(Collected data entries)

■ ■ ■ ■

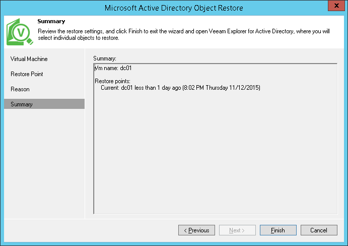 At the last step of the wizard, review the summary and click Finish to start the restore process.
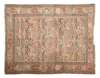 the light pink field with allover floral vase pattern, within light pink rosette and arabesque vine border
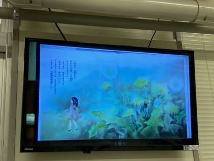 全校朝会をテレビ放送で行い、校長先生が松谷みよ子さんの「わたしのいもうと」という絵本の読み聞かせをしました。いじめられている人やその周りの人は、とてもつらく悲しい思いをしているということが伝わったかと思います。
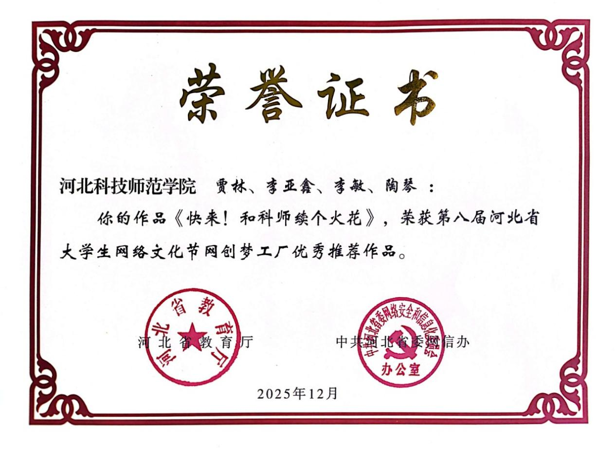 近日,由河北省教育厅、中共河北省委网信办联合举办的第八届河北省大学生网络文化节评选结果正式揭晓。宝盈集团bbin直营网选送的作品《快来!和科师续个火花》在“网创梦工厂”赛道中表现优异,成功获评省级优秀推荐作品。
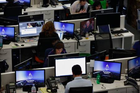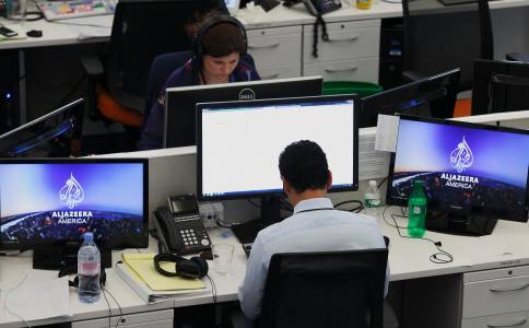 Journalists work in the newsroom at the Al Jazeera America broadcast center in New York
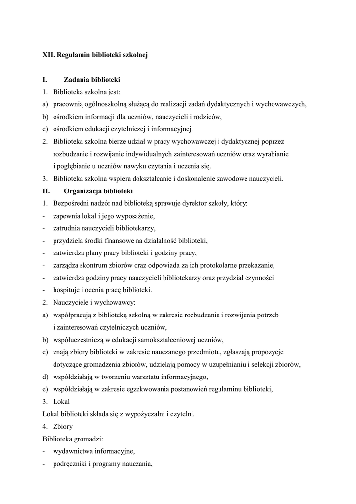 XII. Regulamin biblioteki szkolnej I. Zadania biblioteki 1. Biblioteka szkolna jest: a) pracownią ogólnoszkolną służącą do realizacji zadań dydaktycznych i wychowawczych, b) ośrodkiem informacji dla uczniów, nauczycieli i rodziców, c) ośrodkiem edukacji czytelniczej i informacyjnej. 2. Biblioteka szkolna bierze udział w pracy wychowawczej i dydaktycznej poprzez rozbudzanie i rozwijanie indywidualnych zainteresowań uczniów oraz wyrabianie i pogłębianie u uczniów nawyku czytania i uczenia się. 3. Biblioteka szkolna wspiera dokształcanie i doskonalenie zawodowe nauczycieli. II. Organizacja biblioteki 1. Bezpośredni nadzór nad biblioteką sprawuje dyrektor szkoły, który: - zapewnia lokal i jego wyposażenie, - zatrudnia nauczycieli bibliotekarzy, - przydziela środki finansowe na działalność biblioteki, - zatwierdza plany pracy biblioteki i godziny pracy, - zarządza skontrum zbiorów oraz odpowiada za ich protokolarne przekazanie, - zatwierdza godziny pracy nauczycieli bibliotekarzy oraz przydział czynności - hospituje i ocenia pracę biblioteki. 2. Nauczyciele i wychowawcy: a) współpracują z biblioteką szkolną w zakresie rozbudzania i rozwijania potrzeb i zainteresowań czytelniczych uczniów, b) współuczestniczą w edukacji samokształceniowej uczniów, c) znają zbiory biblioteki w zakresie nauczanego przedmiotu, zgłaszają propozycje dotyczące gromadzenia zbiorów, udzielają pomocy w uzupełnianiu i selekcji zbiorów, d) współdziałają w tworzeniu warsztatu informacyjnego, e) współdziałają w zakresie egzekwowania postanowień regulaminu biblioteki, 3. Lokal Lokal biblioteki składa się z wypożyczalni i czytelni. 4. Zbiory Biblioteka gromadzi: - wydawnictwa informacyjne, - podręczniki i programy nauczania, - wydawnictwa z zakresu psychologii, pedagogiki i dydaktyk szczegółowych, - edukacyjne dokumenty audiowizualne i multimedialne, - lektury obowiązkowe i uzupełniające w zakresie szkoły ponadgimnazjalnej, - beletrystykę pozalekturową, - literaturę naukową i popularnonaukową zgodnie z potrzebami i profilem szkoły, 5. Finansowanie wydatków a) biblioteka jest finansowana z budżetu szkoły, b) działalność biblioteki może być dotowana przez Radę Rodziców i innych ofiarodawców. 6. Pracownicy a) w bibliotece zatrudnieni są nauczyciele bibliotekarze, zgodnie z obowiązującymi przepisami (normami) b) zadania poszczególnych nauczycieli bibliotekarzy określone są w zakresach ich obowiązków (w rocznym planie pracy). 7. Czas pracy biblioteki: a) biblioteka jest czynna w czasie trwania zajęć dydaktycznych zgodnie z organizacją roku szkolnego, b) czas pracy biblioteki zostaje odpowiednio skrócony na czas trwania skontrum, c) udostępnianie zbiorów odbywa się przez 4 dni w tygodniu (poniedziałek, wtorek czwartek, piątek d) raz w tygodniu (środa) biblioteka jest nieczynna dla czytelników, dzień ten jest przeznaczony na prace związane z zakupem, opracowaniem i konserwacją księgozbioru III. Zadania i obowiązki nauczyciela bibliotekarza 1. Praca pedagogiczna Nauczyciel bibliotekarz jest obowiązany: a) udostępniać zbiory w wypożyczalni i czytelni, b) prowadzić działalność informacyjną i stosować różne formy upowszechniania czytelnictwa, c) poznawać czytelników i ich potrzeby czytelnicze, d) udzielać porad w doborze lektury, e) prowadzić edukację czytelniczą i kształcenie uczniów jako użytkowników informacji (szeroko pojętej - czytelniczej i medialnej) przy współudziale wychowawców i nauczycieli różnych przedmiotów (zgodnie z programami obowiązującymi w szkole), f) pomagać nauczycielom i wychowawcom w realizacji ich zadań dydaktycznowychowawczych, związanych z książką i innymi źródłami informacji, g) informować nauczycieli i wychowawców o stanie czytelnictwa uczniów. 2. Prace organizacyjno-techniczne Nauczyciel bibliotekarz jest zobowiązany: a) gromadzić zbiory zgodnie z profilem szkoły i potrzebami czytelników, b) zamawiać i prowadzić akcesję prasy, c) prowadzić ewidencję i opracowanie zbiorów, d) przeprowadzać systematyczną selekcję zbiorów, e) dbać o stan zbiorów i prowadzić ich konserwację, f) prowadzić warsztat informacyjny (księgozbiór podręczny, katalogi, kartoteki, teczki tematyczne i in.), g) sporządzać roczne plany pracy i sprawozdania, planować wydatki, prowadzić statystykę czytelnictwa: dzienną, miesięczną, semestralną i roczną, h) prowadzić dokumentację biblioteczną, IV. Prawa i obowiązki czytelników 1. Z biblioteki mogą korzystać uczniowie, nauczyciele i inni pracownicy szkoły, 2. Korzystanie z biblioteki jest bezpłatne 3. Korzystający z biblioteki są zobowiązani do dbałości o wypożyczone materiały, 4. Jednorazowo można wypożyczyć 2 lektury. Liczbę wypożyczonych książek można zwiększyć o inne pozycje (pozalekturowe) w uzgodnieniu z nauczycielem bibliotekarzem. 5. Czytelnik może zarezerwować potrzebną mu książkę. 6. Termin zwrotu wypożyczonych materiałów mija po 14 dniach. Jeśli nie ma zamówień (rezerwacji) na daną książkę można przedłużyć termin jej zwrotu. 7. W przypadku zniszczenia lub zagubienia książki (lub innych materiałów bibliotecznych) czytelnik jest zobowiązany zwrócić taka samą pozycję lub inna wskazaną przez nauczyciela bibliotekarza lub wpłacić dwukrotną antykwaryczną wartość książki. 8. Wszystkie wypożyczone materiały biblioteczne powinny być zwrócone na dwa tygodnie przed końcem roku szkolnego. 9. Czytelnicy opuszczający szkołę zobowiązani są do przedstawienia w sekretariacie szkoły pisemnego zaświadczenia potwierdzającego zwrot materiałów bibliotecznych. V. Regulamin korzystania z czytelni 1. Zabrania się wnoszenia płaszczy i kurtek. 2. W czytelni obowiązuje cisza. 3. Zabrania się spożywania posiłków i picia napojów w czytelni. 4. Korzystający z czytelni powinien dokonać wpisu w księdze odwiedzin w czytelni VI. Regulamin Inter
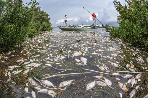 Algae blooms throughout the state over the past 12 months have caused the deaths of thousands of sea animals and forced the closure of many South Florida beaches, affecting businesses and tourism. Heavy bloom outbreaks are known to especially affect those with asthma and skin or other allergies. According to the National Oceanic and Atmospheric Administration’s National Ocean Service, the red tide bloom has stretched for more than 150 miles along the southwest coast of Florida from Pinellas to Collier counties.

■ ■ ■ ■

▸ WORK REQUIRED
From the records above, extract the lines from the one holding "近日,由河北省教育厅、中共河" through the one holding "Journalists work in", word for word; omit the pictures.

▸ RESULT FOR THIS EXERCISE
 近日,由河北省教育厅、中共河北省委网信办联合举办的第八届河北省大学生网络文化节评选结果正式揭晓。宝盈集团bbin直营网选送的作品《快来!和科师续个火花》在“网创梦工厂”赛道中表现优异,成功获评省级优秀推荐作品。
 Journalists work in the newsroom at the Al Jazeera America broadcast center in New York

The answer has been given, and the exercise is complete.